In hoger beroep geldboete geëist tegen bedrijf uit Sterksel wegens fataal bedrijfsongeval

De advocaat-generaal (OM) in Den Bosch heeft een geldboete van € 150.000 waarvan € 50.000 voorwaardelijk geëist tegen een bedrijf uit Sterksel wegens schuld aan een bedrijfsongeval op 4 oktober 2010 waarbij drie werknemers om het leven kwamen.

De drie werknemers kwamen in een container terecht, die onderdeel was van een waterzuiveringsinstallatie. Wat de precieze aanleiding was dat de eerste werknemer in de container terecht is gekomen, is onbekend gebleven. De andere twee werknemers hebben vervolgens een reddingspoging ondernomen om de eerste werknemer uit de container te halen. Deze reddingspoging faalde en alle drie werknemers kwamen om het leven als gevolg van zwavelwaterstofgasvergiftiging (H2S).

Het bedrijf is onder meer vervolgd voor dood door schuld. Het wordt de vennootschap verweten dat zij haar werknemers aanmerkelijk onvoorzichtig werkzaamheden heeft laten verrichten ten gevolge waarvan deze werknemers zijn komen te overlijden. Hiervoor is ook voldoende bewijs, zo stelde de advocaat-generaal. “De veiligheid binnen het bedrijf schoot ernstig tekort. Het bedrijf had geen onderzoek gedaan en geen risico- en gevareninventarisatie gedaan voor de opgerichte en in werking zijnde afvalwaterzuiveringsinstallatie. Er was geen nood- of calamiteitenplan voor de installatie en er werden geen metingen verricht of veiligheidsmaatregelen genomen. Het bedrijf heeft daarmee schuld aan de dood van drie van haar werknemers.”

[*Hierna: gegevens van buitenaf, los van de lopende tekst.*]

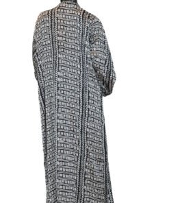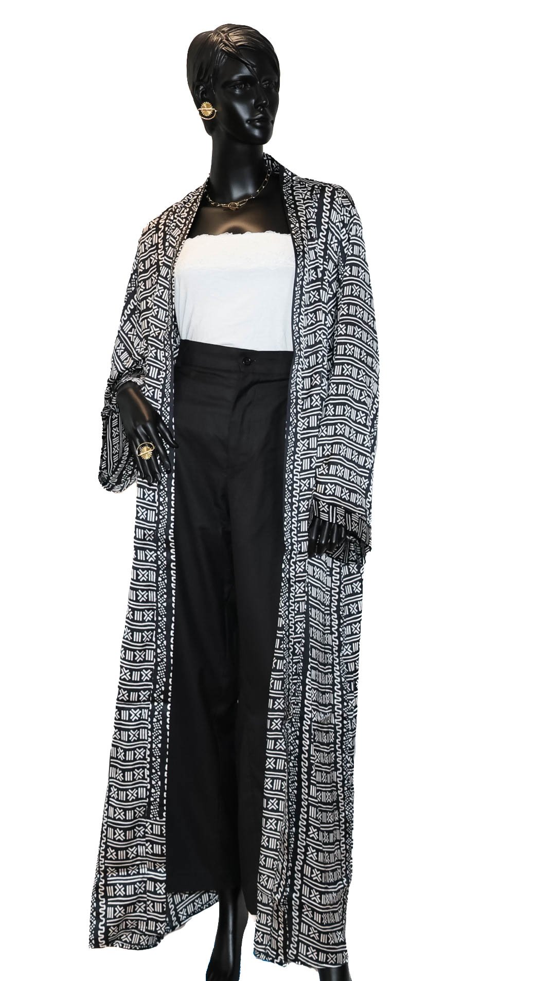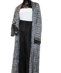 Sa coupe fluide et ouverte, inspirée du style kimono, offre un tombé élégant et un grand confort. Les manches larges et la longueur maxi créent une silhouette sophistiquée, idéale pour une allure à la fois décontractée et chic.

Een straf in de vorm van een geldboete is hier op zijn plaats “al kan geen enkele straf recht doen aan het zeer ernstige gevolg, de dood van drie mensen.”, zo betoogde de advocaat-generaal. “Een ongeval dat zeker niet gewild is door het bedrijf, maar dat wel voorkomen had kunnen worden. Door van meet af aan, zo nodig door het inhuren van deskundigen, alle risico’s en gevaren te inventariseren en daarop te handelen door alle mogelijke veiligheidsmaatregelen te nemen.” Het voorwaardelijk deel van de geldboete moet dienen als “waarschuwing voor de toekomst en voor de veiligheid van de werknemers.”

De rechtbank veroordeelde het bedrijf eerder tot dezelfde geldboete en de voorwaardelijke stillegging van het bedrijf voor drie maanden. Het bedrijf ging in hoger beroep.

In hoger beroep is geen voorwaardelijke stillegging gevorderd gelet op het tijdsverloop en de rechtsopvolging door een andere BV.

Uitspraak (naar verwachting) over twee weken.